Resumos
Este relato descreve um surto de carbúnculo sintomático em Nova União, Minas Gerais, Brasil, com ênfase no uso de diferentes técnicas laboratoriais. Clostridium chauvoei foi isolado em cultura pura, bem como detectado por uma técnica de imunofluorescência direta (IFD) e por uma técnica de reação em cadeia da polimerase (PCR) a partir de cultura pura obtida do tecido muscular esquelético lesado de um animal necropsiado.
bezerros; carbúnculo sintomático; Clostridium chauvoei; isolamento; imunofluorescência direta (IFD); reação em cadeia da polimerase (PCR)
This report describes an outbreak of black leg in calves in Nova União, Minas Gerais, Brazil, with emphasis in the use of different laboratorial techniques. Clostridium chauvoei was isolated in pure culture, and detected by a fluorescent antibody technique (FAT) and by a polymerase chain reaction (PCR) technique from pure culture obtained from affected skeletal muscle of one animal.
calves; black leg; Clostridium chauvoei; isolation; fluorescent antibody technique (FAT); polymerase chain reaction (PCR)
NOTA
MICROBIOLOGIA
Surto de carbúnculo sintomático em bezerros
Outbreak of black leg in calves
Ronnie Antunes de AssisI,1; Elias Jorge Facury FilhoII; Francisco Carlos Faria LobatoIII; Antônio Último de CarvalhoII; Paulo Marcos FerreiraII; Augusto Vinícius Arruda de CarvalhoIV
IEscola de Veterinária, Universidade federal de Minas Gerais (UFMG), Laboratório de Anaeróbios. Avenida Antônio Carlos 6627, 30123-970, Pampulha, Belo Horizonte, MG, Brasil. E-mail: assisra@rwnet.com.br
IIClínica de Ruminantes, Escola de Veterinária, UFMG, Belo Horizonte, MG, Brasil
IIIDoenças Bacterianas, Escola de Veterinária, UFMG, Belo Horizonte, MG, Brasil
IVLaboratório Regional de Apoio Animal do Ministério da Agricultura, Pecuária e Abastecimento, LARA, MG, Pedro Leopoldo, MG, Brasil
RESUMO
Este relato descreve um surto de carbúnculo sintomático em Nova União, Minas Gerais, Brasil, com ênfase no uso de diferentes técnicas laboratoriais. Clostridium chauvoei foi isolado em cultura pura, bem como detectado por uma técnica de imunofluorescência direta (IFD) e por uma técnica de reação em cadeia da polimerase (PCR) a partir de cultura pura obtida do tecido muscular esquelético lesado de um animal necropsiado.
Palavras-chave: bezerros, carbúnculo sintomático, Clostridium chauvoei, isolamento, imunofluorescência direta (IFD), reação em cadeia da polimerase (PCR).
ABSTRACT
This report describes an outbreak of black leg in calves in Nova União, Minas Gerais, Brazil, with emphasis in the use of different laboratorial techniques.
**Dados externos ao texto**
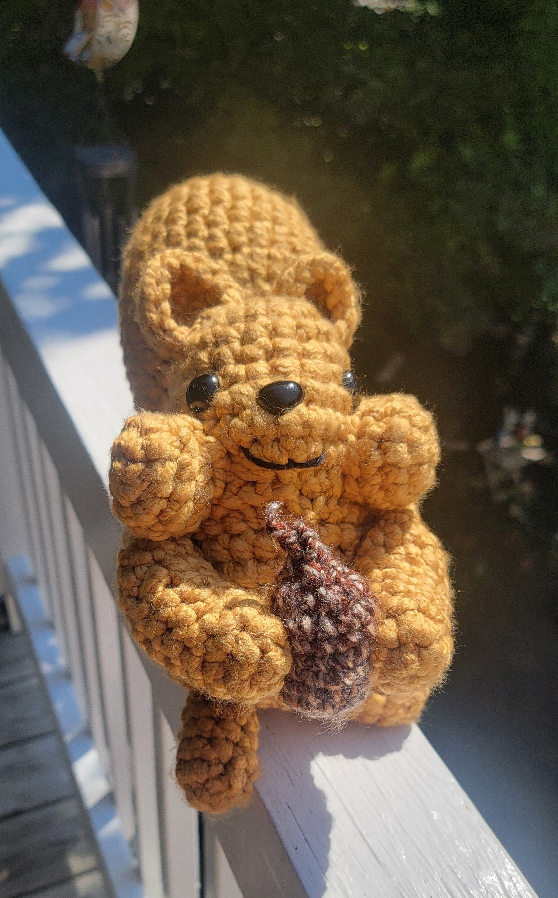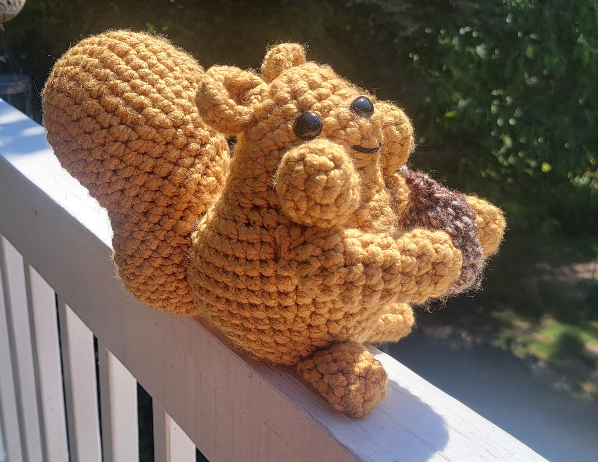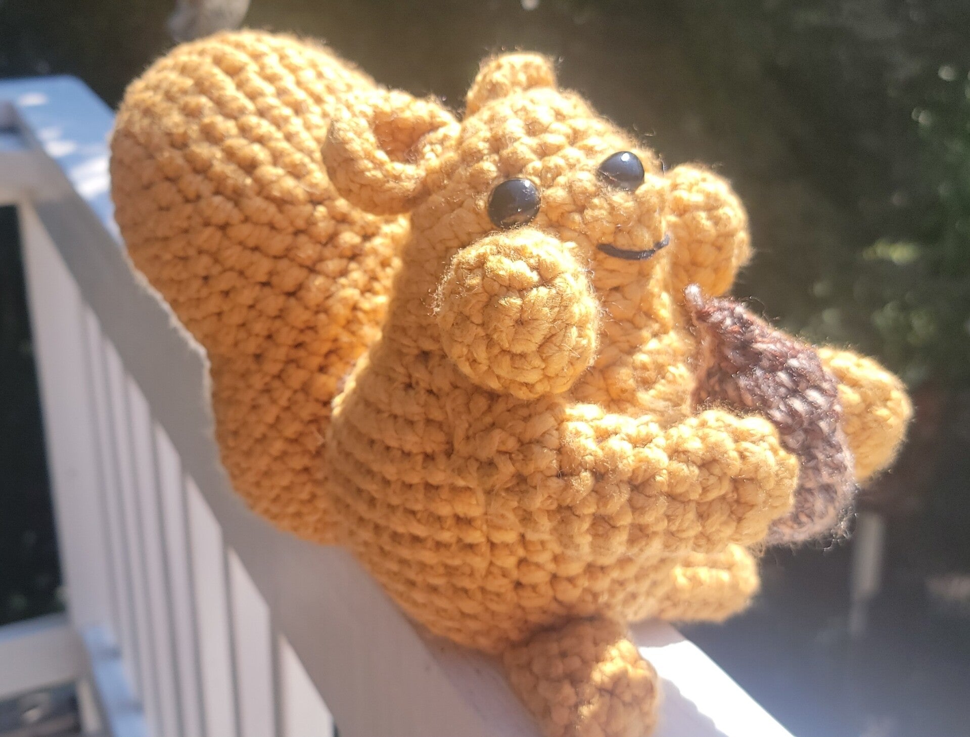 8" tall and 12" long squirrel in gold bulky yarn with black safety eyes and an acorn

Clostridium chauvoei was isolated in pure culture, and detected by a fluorescent antibody technique (FAT) and by a polymerase chain reaction (PCR) technique from pure culture obtained from affected skeletal muscle of one animal.
Key words: calves, black leg, Clostridium chauvoei, isolation, fluorescent antibody technique (FAT), polymerase chain reaction (PCR).
Carbúnculo sintomático e edema maligno compreendem o grupo das mionecroses, clostridioses altamente fatais causadas por bactérias anaeróbicas do gênero Clostridium, que afetam o tecido muscular e subcutâneo de ruminantes e outras espécies animais (STERNE & BATTY, 1975). Em bovinos, o carbúnculo sintomático é uma infecção endógena não contagiosa produzida pelo Clostridium chauvoei. Em contraste, o edema maligno nas diferentes espécies animais susceptíveis, é uma doença exógena, relacionada com a presença de feridas na pele, podendo ser causada pelo C. chauvoei, Clostridium septicum, Clostridium sordellii, Clostridium novyi tipo A e Clostridium perfringens tipo A (GYLES, 1993). Existem duas formas de manifestação do carbúnculo sintomático nos bovinos. A forma clássica, de ocorrência mais freqüente e que afeta principalmente a musculatura esquelética, e a visceral, raramente encontrada, afetando principalmente o coração (UZAL et al., 2003a). Essa forma ainda não foi relatada no país. A real patogenia do carbúnculo sintomático em bovinos, tanto o clássico como o visceral, é ainda incerta. Na forma clássica, a hipótese corrente é que os esporos presentes no intestino são veiculados por macrófagos até musculatura onde permanecem em latência. Traumas nas grandes massas musculares, criam um ambiente de baixo potencial de óxido-redução, propiciando a germinação dos esporos e a conseqüente produção de toxinas (GYLES, 1993).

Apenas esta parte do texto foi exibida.